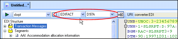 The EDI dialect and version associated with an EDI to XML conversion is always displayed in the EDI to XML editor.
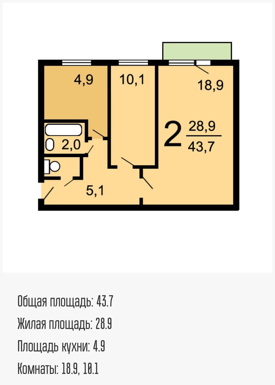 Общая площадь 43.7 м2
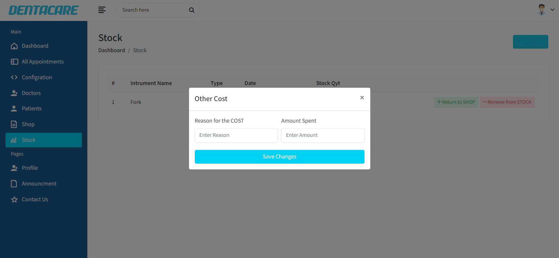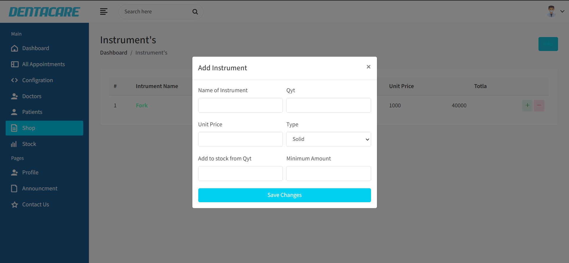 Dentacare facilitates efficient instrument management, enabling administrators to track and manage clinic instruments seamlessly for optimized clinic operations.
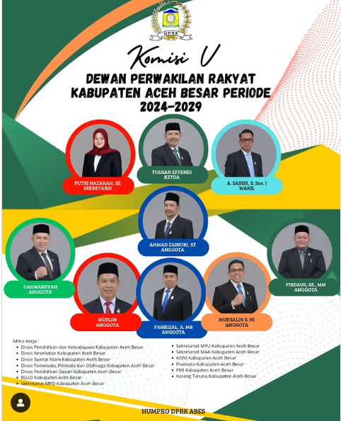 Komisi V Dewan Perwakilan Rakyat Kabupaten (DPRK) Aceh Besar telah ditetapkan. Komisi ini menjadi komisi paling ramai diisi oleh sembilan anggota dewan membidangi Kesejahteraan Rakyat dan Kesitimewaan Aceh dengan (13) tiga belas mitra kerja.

**Assignment:** Do not include the pictures. Quote only the lines from the line with "Общая площадь 43.7 м2" through the end of the material, both ends included, exactly.

**Task result:**
 Общая площадь 43.7 м2
 Dentacare facilitates efficient instrument management, enabling administrators to track and manage clinic instruments seamlessly for optimized clinic operations.
 Komisi V Dewan Perwakilan Rakyat Kabupaten (DPRK) Aceh Besar telah ditetapkan. Komisi ini menjadi komisi paling ramai diisi oleh sembilan anggota dewan membidangi Kesejahteraan Rakyat dan Kesitimewaan Aceh dengan (13) tiga belas mitra kerja.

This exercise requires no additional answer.